G7 doesn\'t want India-processed Russian diamonds to enter US, EU
Chennai: The G7 countries do not want Russian diamonds of one carat and above, processed by Indian diamantaires, to enter the US and the European Union market.
The G7 bloc, consisting of Canada, France, Germany, Japan, Italy, the United Kingdom, and the United States, has restricted the entry of Russian diamonds of one carat and more to enter the US and the European market and this includes diamonds processed by Indian industry. The high-level G7 delegation that visited India from September 27 to 29 informed the industry, sources told Financial Chronicle. However, there has been no written word on this. The economic sanctions against Russian diamonds too have not been announced yet.
However, the G-7 delegation made it clear that it has no objections to India buying rough diamonds from Russian miner Alrosa, polishing them and selling them to any other market.
“At present, there is no methodology to trace and track the Russian diamonds in these markets. A methodology to this end will soon be in place, G-7 has informed,” said sources.
The delegation on visit comprised members from the U.S. State Department, the U.S. Department of Treasury, the European Commission, the Prime Minister’s office of Belgium, the Foreign Trade Department of Belgium, and the Japan Embassy in India.
The delegation visited Mumbai and Surat to learn more about the Indian gem and jewellery industry and explore ways of helping it meet G7 sanctions requirements with minimal or no disruption to the sector.

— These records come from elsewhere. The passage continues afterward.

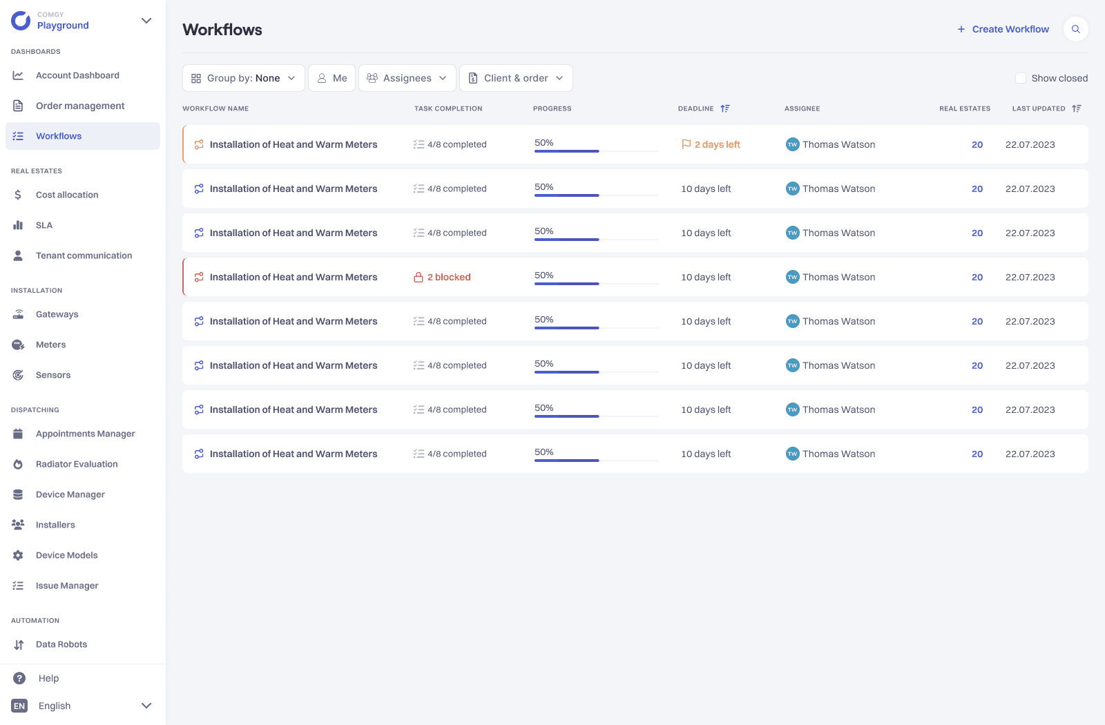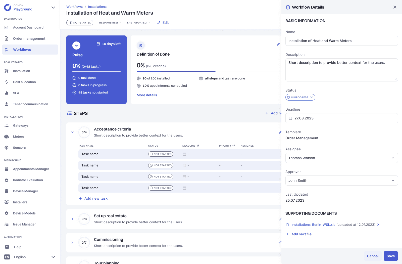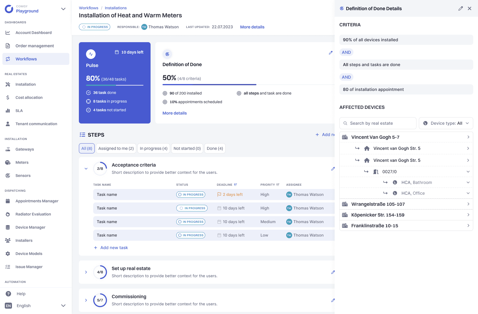 As part of this system there is a core module that handles metering devices procurement and distribution. Real Estate Management companies uses the module in order to manage, monitor and report installation process together with Device Installation business they subcontract.
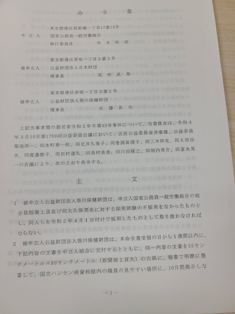 聞くところによれば、笹川保健財団は、命令を受けた組合の団交申入書の受け取りすら拒否しているようです。このような団交申入れの拒絶は労働組合法7条2号違反の違法行為です。笹川保健財団は違法行為を繰り返すことなく、組合の要求に真摯に対応すべきです。 twitter.com/TokyoMinpo/sta…
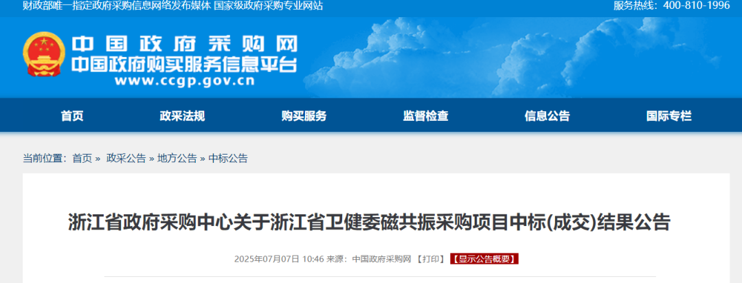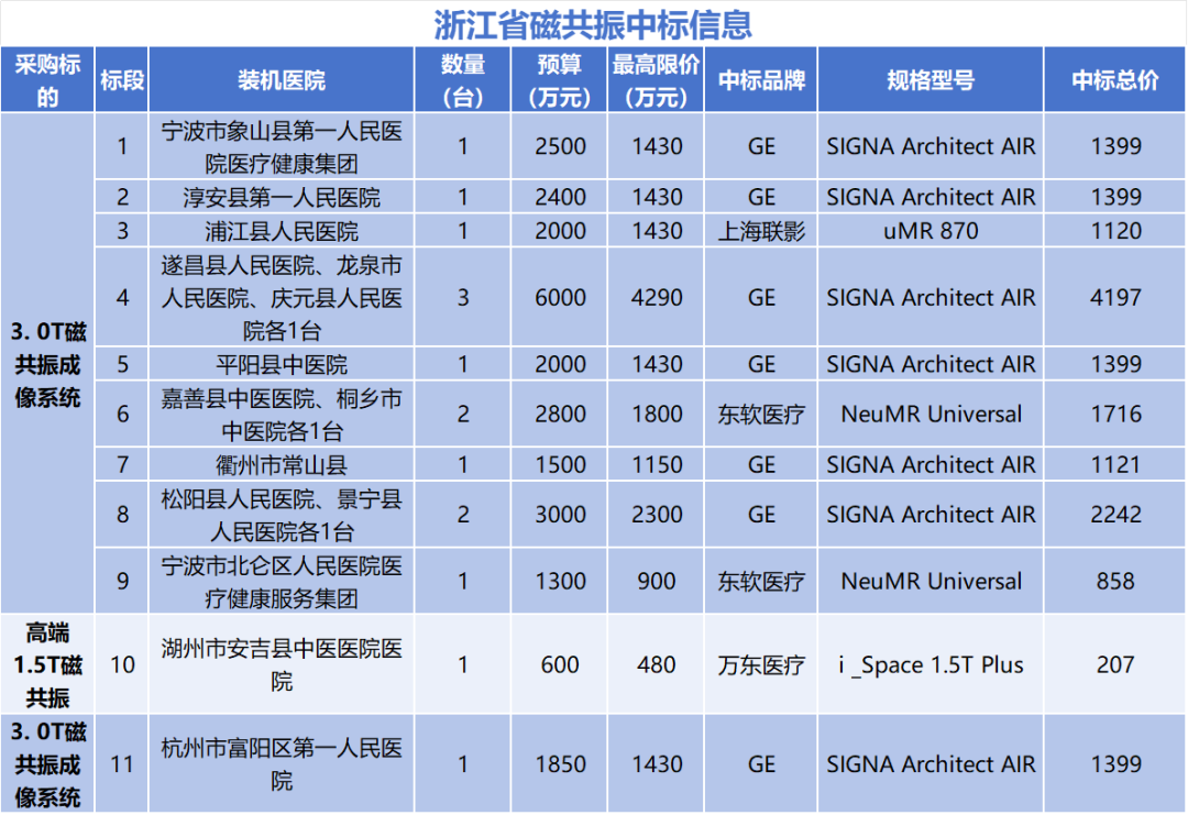 7月7日,浙江省卫健委磁共振集采项目结果出炉,总预算约2.6亿元的采购大单中,GE医疗一举拿下10台3.0T磁共振,占14台3.0T磁共振采购总量的71%。加上此前CT等设备的集采结果,GE在浙江总中标金额已超3.7亿元,已形成压倒性优势。

The US is the largest market for Indian diamonds and this will affect the exports of polished diamonds and diamond studded jewellery, which is already hurt due to the macro-economic vagaries. Due to the glut in the diamond pipeline, the Indian industry had asked Alrosa to stop the supply and the Russian miner suspended the rough diamond supply for September and October.
Further, Belgium is a hub for diamond auction and trade, and restricting entry into this market will also hamper Indian prospects.